Dès lors, le choix de
l'ACI de répartir les intérêts de façon proportionnelle sur l'ensemble des
immeubles ne paraît guère critiquable, en tout cas pour les périodes 1993-1994
et suivante. La question aurait, certes, pu se poser de savoir si, pour la
période 1991-1992, cette approche était correcte puisque durant les années de
calcul, le Crédit suisse traitait encore chaque crédit de façon individuelle. On
relève toutefois que le recourant n'a tenu aucune comptabilité durant cette
période et n'établissait pas de comptes immeuble par immeuble fiables et
probants; ainsi, l'autorité intimée ne pouvait guère adopter une autre approche
pour apprécier la situation immobilière du recourant. Les décisions attaquées
échappent donc à tous griefs sur ce point.
c) Les recours dirigés
contre ces trois périodes portent en outre sur la reprise par l'autorité
intimée des intérêts intercalaires non activés. L'ACI a fait application dans
le cas d'espèce de la pratique, confirmée notamment par le Tribunal fédéral (in
RDAF 1997 II 607, cons. 3a, déjà cité) et par la doctrine (v. Walter
Ryser/Bernard Rolli, Précis de droit fiscal suisse, Berne 1994, p. 103 et 120;
Reimann/Zuppinger/Schärrer, Kommentar zum Zürchersteuergesetz, Zürich 1966, ad
§ 166, rem. 7) selon laquelle, pour les promoteurs immobiliers, les intérêts
sur crédit de construction doivent être portés à l'actif du bilan.
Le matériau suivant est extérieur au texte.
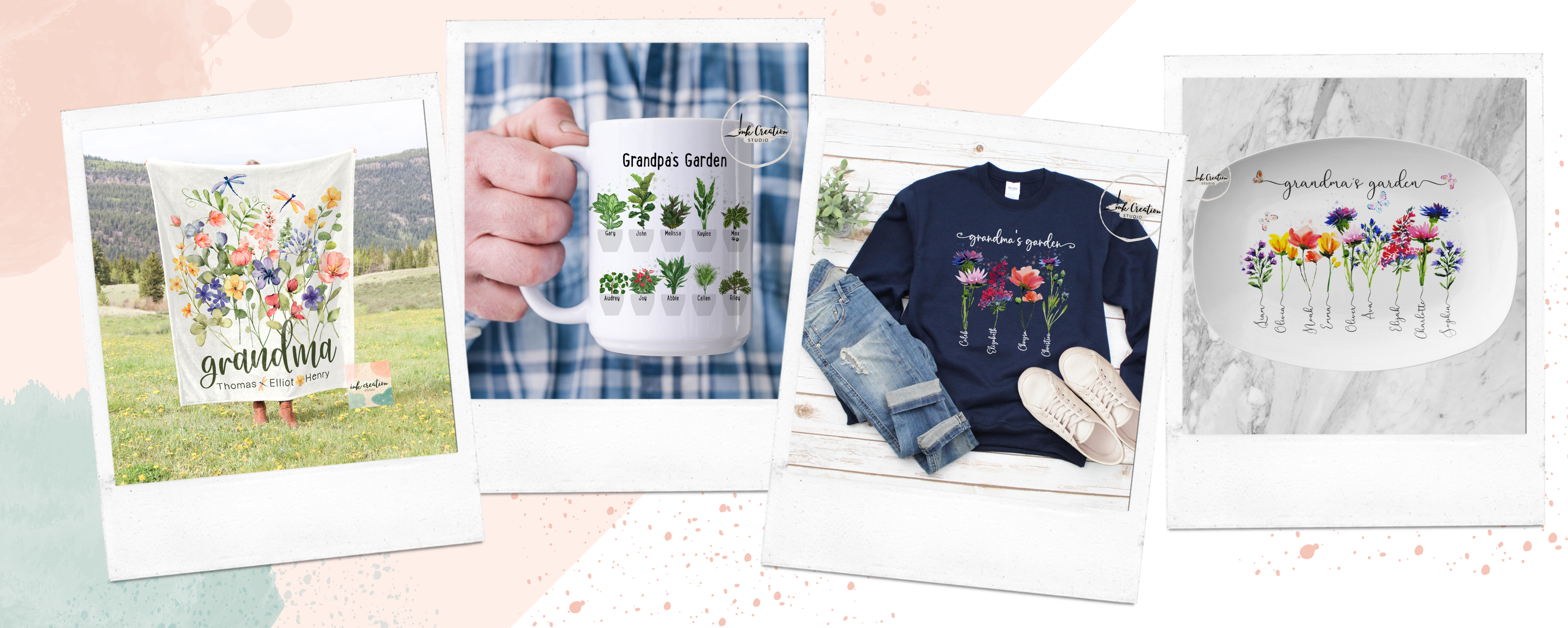 Grandma’s Garden Platter – Personalized Birth Flowers with Grandkids’ Names | Custom Gift for Grandma
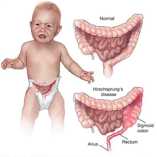 Hirschsprung disease is a birth defect in which some nerve cells are missing in the large intestine, so a child's intestine can't move stool and becomes blocked.
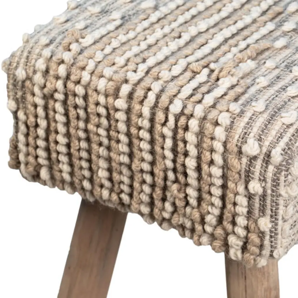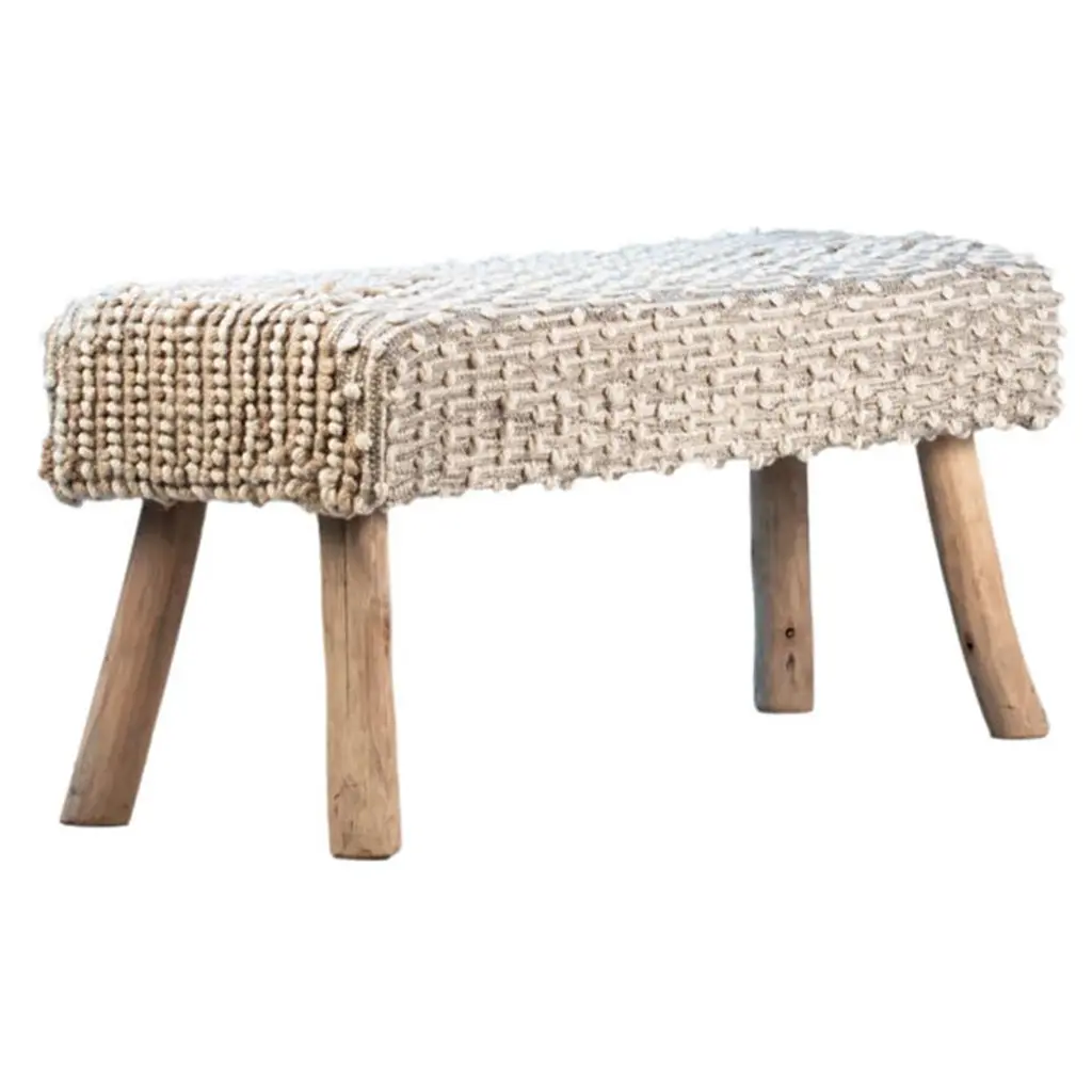Radda Rustic Lodge White Upholstered Wool Brown Wood Bench

L'activation
des intérêts intercalaires sera en conséquence confirmée; au demeurant, on ne
discerne guère dans l'argumentation du recourant ce qui permettrait au tribunal
de s'affranchir de cette jurisprudence, puisqu'il se borne à invoquer
l'évolution conjoncturelle. Cette question peut au demeurant être examinée
simultanément avec celle, subsidiaire, de la comptabilisation d'une provision
pour les intérêts excédant la valeur vénale des biens immobiliers, ce qui peut
entraîner une surévaluation de ces derniers. Cela étant, il convient, sur ce
point, d'opérer une distinction selon les périodes à examiner.
i. Période 1991-1992
aa) Le recourant
requiert au demeurant de pouvoir comptabiliser une provision pour tous les
intérêts passifs liés à son parc immobilier, ce à compter de l'année de calcul
1989. Cette écriture, qui sert notamment à présenter les risques de pertes qui
menacent un élément du patrimoine de l'entreprise à la date du bilan (Rivier,
op. cit., p. 350), n'est toutefois admise que dans le cadre d'une comptabilité
commerciale régulièrement tenue par le contribuable. Or, dans le cas d'espèce,
la revendication du recourant se heurte en premier lieu à la constatation selon
laquelle il n'a, bien que l'art. 957 CO l'y obligeait puisqu'il avait repris
son activité de promoteur immobilier, tenu aucune comptabilité durant cette
période. Les annotations manuscrites du recourant permettant, selon lui, la
localisation des différents comptes passifs ne tiennent pas lieu, à cet égard,
de comptabilité. Dans ces conditions, le recourant n'est pas admis à revendiquer
la comptabilisation de provisions pour intérêts passifs à activer durant les
années de calcul 1989 et 1990.
Par surcroît, une
autre raison doit lui être opposée; le recourant invoque la circonstance
particulière qu'a constitué la crise dans le secteur immobilier, ce qui a
conduit à une surévaluation générale de ses biens, avant même l'activation des
intérêts. Or, il est patent que cette crise n'a véritablement déployé ses
effets qu'à partir de 1991; le recourant indique du reste lui-même avoir acquis
encore en 1989 des biens immobiliers à un prix élevé. Le recourant s'est
finalement contenté sur ce point d'invoquer de vagues généralités, sans étayer
plus avant son argumentation en démontrant de façon concrète avoir été, dès
1989, confronté à des problèmes de surcoût dans son parc immobilier. Il
n'échappe pas au tribunal qu'en octobre 1989, l'adoption par les chambres
fédérales des arrêtés temporaires urgents destinés à lutter contre la
spéculation immobilière ont aggravé la situation de nombreux promoteurs;
cependant, les effets de cette législation, dont on sait qu'elle a finalement
été retirée, se sont essentiellement fait sentir dès 1991.
ii. Périodes 1993-1994
et 1995-1996
bb) Le recourant a
formulé, s'agissant de ces deux périodes, une revendication analogue. Dans sa
réponse au recours, l'ACI a admis, à bien plaire précise-t-elle, la
comptabilisation de provisions pour les intérêts intercalaires payés pendant
les périodes de calcul 1991-1992 et 1993-1994 (périodes de taxation 1993-1994
et 1995-1996), ce pour cinq immeubles sur lesquels les promotions envisagées
n'ont jamais pu être réalisées, à savoir, outre 1.********", à La
Tour-de-Peilz, les immeubles "2.********" et "3.********8"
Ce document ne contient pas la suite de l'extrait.